### WHAT IS BEING ASKED
Every entry should be reproduced precisely, with each picture left out.

### SOURCE DATA
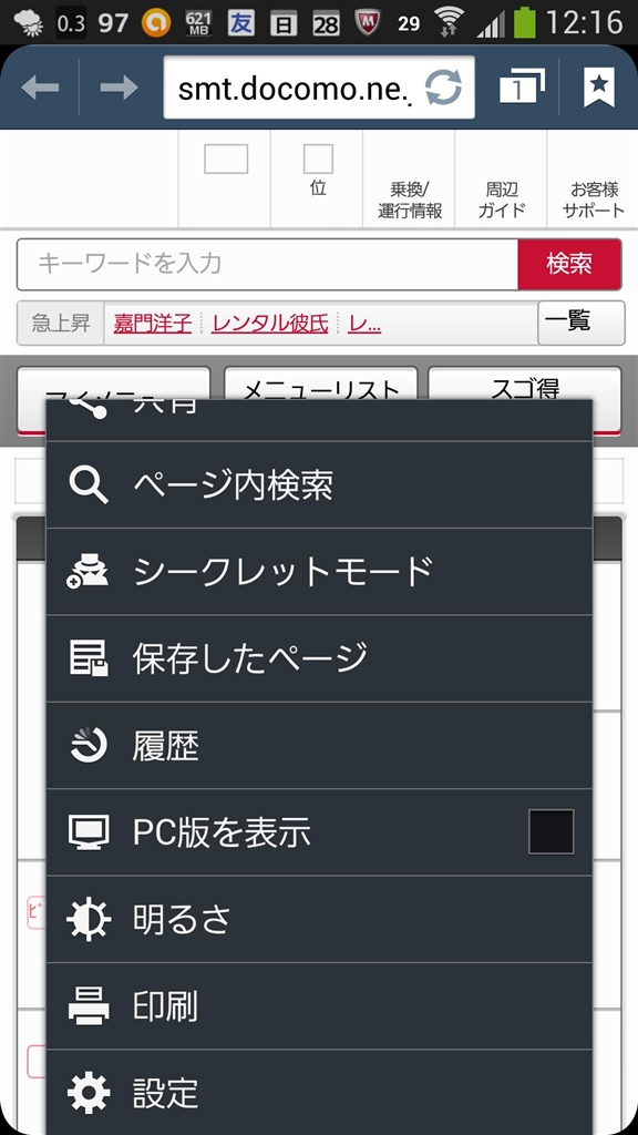 『@ブラウザーを起動した状態で端末左下のメニューをタップし設定を選ぶ。』サムスン GALAXY S4 SC-04E docomo 霞小僧さんのクチコミ掲示板画像1/4
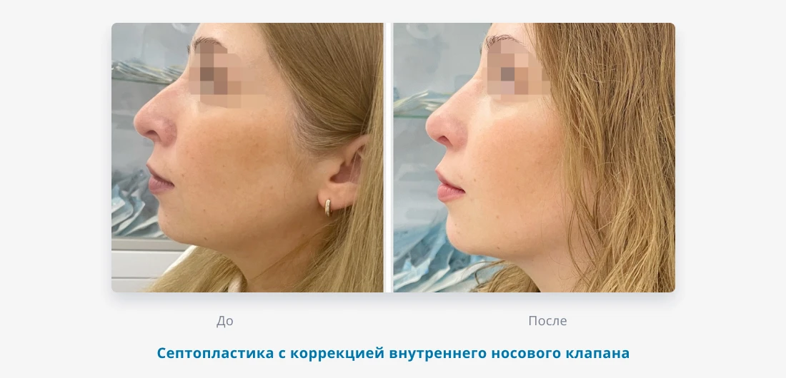 Но бывают ситуации, когда проблема с дыханием связана не только с перегородкой. Например, если нос заметно смещен в сторону, кончик носа опущен или визуально «уехал» в бок. Часто причиной становится деформация внутреннего или наружного носового клапана – зоны, через которую проходит воздух. Такое состояние нередко возникает после травм или при врожденных особенностях строения носа. В этих случаях одной септопластики может быть недостаточно.
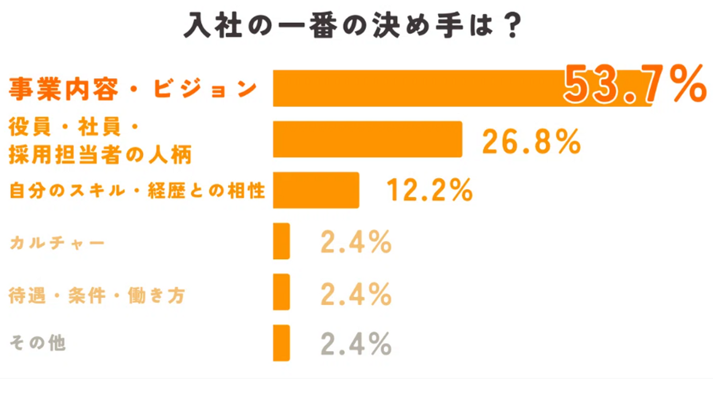 入社の決め手は「事業内容・ビジョン」が半数以上で圧倒的トップに。
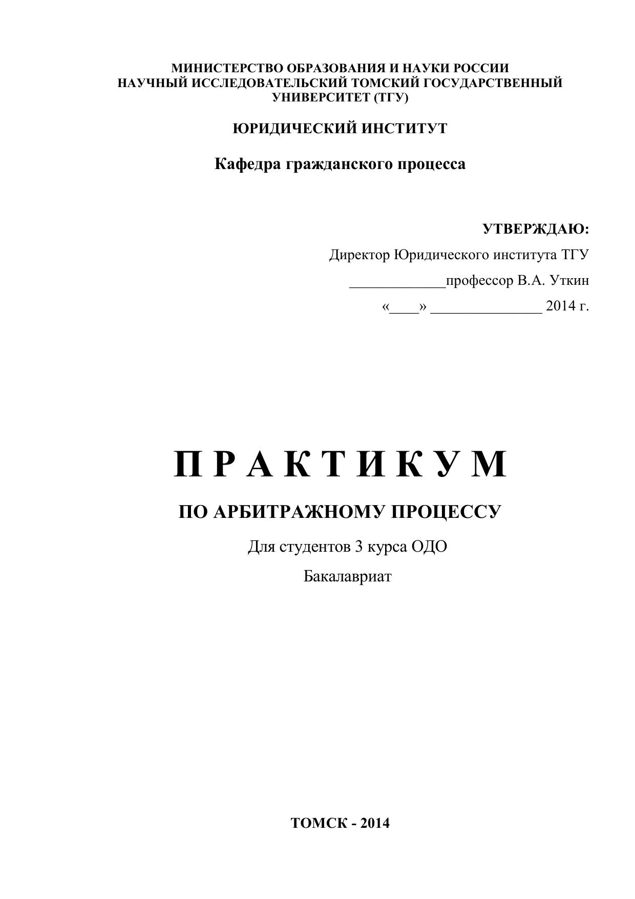 Практикум по арбитражному процессу (для студентов 3 курса ОДО)
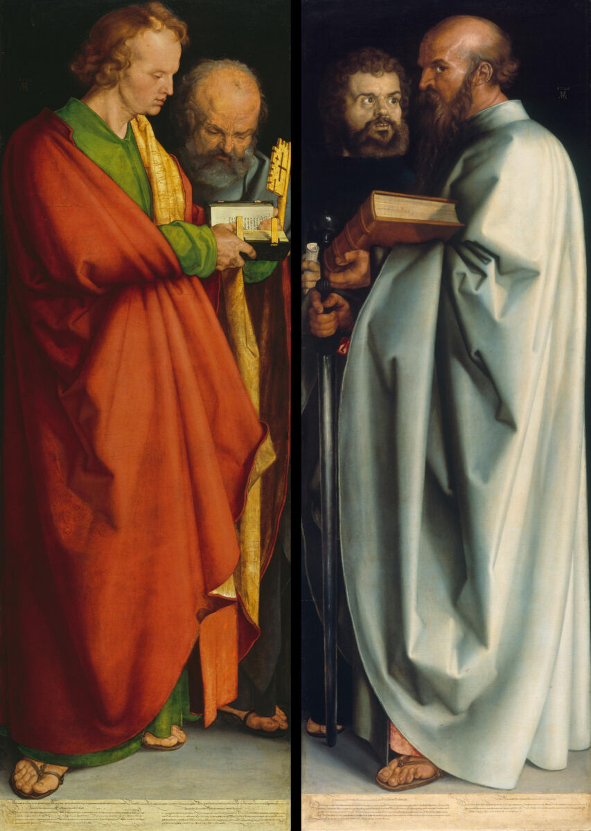 Dürer’s oil paintings also possess a powerful, moving quality. “The Four Apostles,” a masterpiece from his later years, depicts the four apostles: St. John, St. Peter, St. Mark, and St. Paul. The figures in the painting are solemn and resolute, reflecting Dürer’s profound reflections on the Reformation. Through delicate brushstrokes and rich colors, he masterfully portrays the inner world of his subjects. This work is not only a masterpiece of religious art but also a culmination of Dürer’s artistic career.
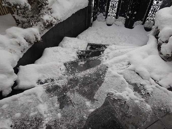 階段が滑って危ないので、歩く所だけ階段の雪かきをしました。
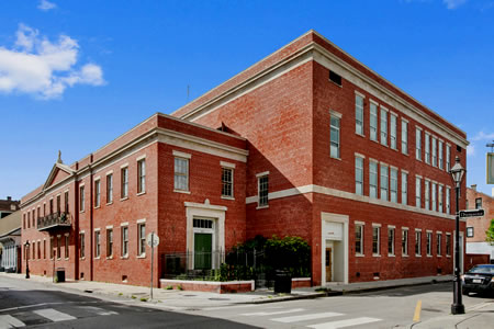 Built in 1949, the historic, former St. Louis Cathedral Academy Parochial School and Nuns Convent has undergone a complete historic restoration by de la Tour Holdings, LLC, with construction by RMI, Inc., Woodward Design+Build, in concert with nationally recognized Trapolin Peer Architects and Melissa Legier Designs.
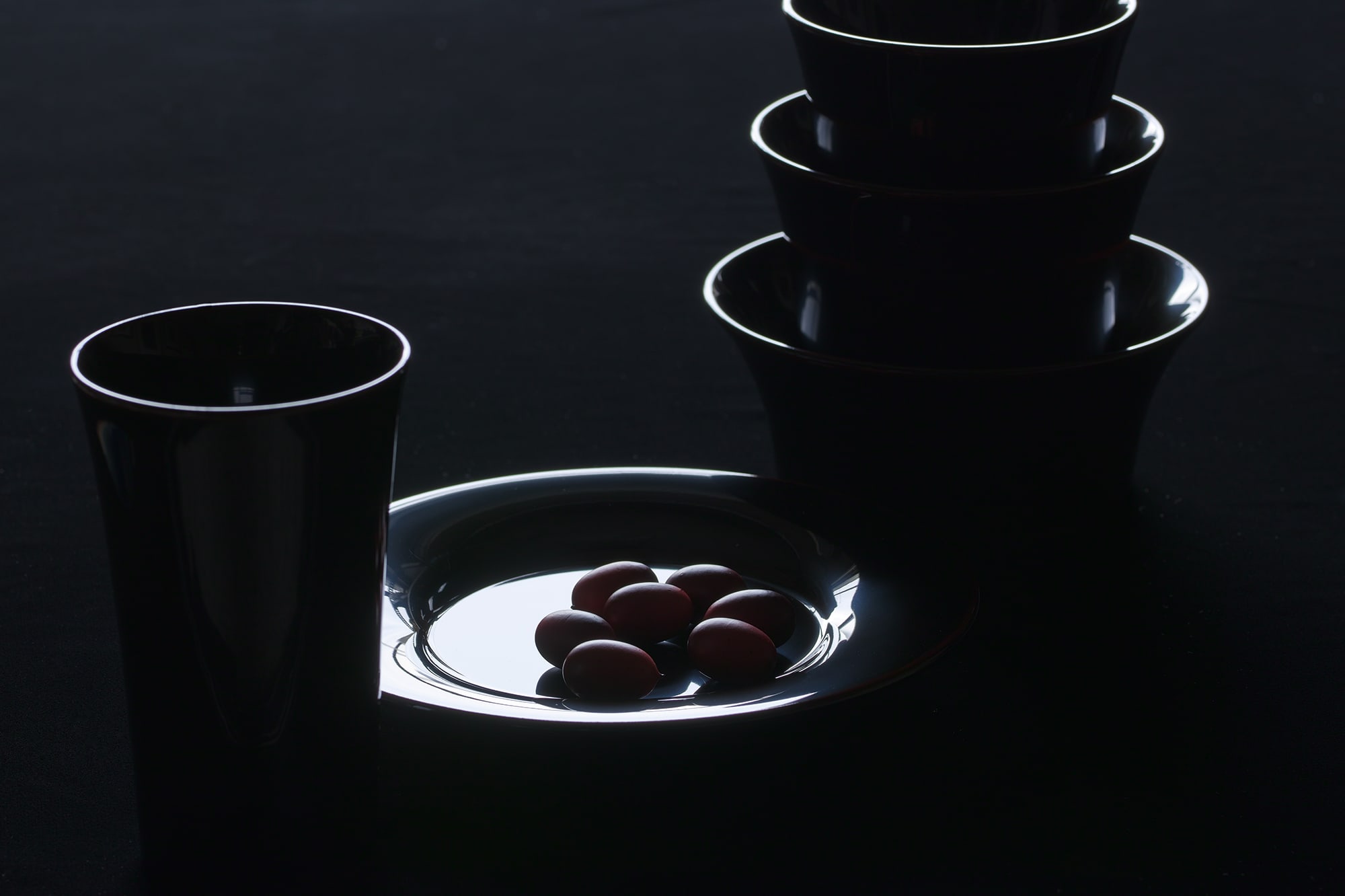黒いベルベットの布を背景にして漆器を撮影してみた。漆はとても難しい被写体の一つで、特に黒の漆器はその表情を捕らえることは並大抵ではない。そして、それに加えて今回はあえて早朝の弱い窓からの光を利用して黒の中の黒を表現してみた。これは、デジタルカメラの限界に挑戦するようなシチュエーションだ。この状況を普通に撮影してしまうと、黒のベルベットの背景と黒の漆器が分離せず、同化してしまい器の実態も感じられなくなってしまう。ところが、SFDモードでは通常とても写りにくい黒の表情がかすかに浮かび上がり背景と分離してきた。これは、SFDモードで撮影するとダイナミックレンジがとても広くなり、潰れてしまいそうな黒の質感、そして、光を強く反射している部分は通常飛んでしまいそうだが、その白の質感を救い出してくれたからだ。それに加えてノイズも感じられずに黒の世界が表現出来た。

### WRITTEN ANSWER
 『@ブラウザーを起動した状態で端末左下のメニューをタップし設定を選ぶ。』サムスン GALAXY S4 SC-04E docomo 霞小僧さんのクチコミ掲示板画像1/4
 Но бывают ситуации, когда проблема с дыханием связана не только с перегородкой. Например, если нос заметно смещен в сторону, кончик носа опущен или визуально «уехал» в бок. Часто причиной становится деформация внутреннего или наружного носового клапана – зоны, через которую проходит воздух. Такое состояние нередко возникает после травм или при врожденных особенностях строения носа. В этих случаях одной септопластики может быть недостаточно.
 入社の決め手は「事業内容・ビジョン」が半数以上で圧倒的トップに。
 Практикум по арбитражному процессу (для студентов 3 курса ОДО)
 Dürer’s oil paintings also possess a powerful, moving quality. “The Four Apostles,” a masterpiece from his later years, depicts the four apostles: St. John, St. Peter, St. Mark, and St. Paul. The figures in the painting are solemn and resolute, reflecting Dürer’s profound reflections on the Reformation. Through delicate brushstrokes and rich colors, he masterfully portrays the inner world of his subjects. This work is not only a masterpiece of religious art but also a culmination of Dürer’s artistic career.
 階段が滑って危ないので、歩く所だけ階段の雪かきをしました。
 Built in 1949, the historic, former St. Louis Cathedral Academy Parochial School and Nuns Convent has undergone a complete historic restoration by de la Tour Holdings, LLC, with construction by RMI, Inc., Woodward Design+Build, in concert with nationally recognized Trapolin Peer Architects and Melissa Legier Designs.
黒いベルベットの布を背景にして漆器を撮影してみた。漆はとても難しい被写体の一つで、特に黒の漆器はその表情を捕らえることは並大抵ではない。そして、それに加えて今回はあえて早朝の弱い窓からの光を利用して黒の中の黒を表現してみた。これは、デジタルカメラの限界に挑戦するようなシチュエーションだ。この状況を普通に撮影してしまうと、黒のベルベットの背景と黒の漆器が分離せず、同化してしまい器の実態も感じられなくなってしまう。ところが、SFDモードでは通常とても写りにくい黒の表情がかすかに浮かび上がり背景と分離してきた。これは、SFDモードで撮影するとダイナミックレンジがとても広くなり、潰れてしまいそうな黒の質感、そして、光を強く反射している部分は通常飛んでしまいそうだが、その白の質感を救い出してくれたからだ。それに加えてノイズも感じられずに黒の世界が表現出来た。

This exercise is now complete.